University of California, Berkeley
Abstract: Algorithms have two costs: arithmetic and communication — i.e. moving data between levels of a memory hierarchy or processors over a network. Communication costs (measured in time or energy per operation) already greatly exceed arithmetic costs, and the gap is growing over time following technological trends. Thus our goal is to design algorithms that minimize communication.
We present algorithms that attain provable lower bounds on communication, and show large speedups compared to their conventional counterparts. These algorithms include direct and iterative linear algebra, for dense and sparse matrices, direct n-body simulations, and some machine learning algorithms. Several of these algorithms exhibit perfect strong scaling, in both time and energy: run time (resp. energy) for a fixed problem size drops proportionally to the number of processors p (resp. is independent of p).
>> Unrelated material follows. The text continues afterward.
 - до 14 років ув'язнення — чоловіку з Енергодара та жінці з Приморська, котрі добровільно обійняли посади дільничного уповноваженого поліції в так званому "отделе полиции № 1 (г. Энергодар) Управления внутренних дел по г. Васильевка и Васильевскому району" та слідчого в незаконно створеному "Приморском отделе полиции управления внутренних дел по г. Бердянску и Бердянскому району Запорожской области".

Finally, using recent extensions of the Holder-Brascamp-Lieb inequalities, we show how to generalize our approach to algorithms involving arbitrary loop nests and array accesses, assuming only that array subscripts are affine functions of the loop indices.
Bio: James Demmel received his BS in Mathematics from Caltech in 1975 and his PhD in Computer Science from UC Berkeley in 1983. After spending six years on the faculty of the Courant Institute, New York University, he joined the Computer Science Division and Mathematics Department at Berkeley in 1990, where he holds a joint appointment.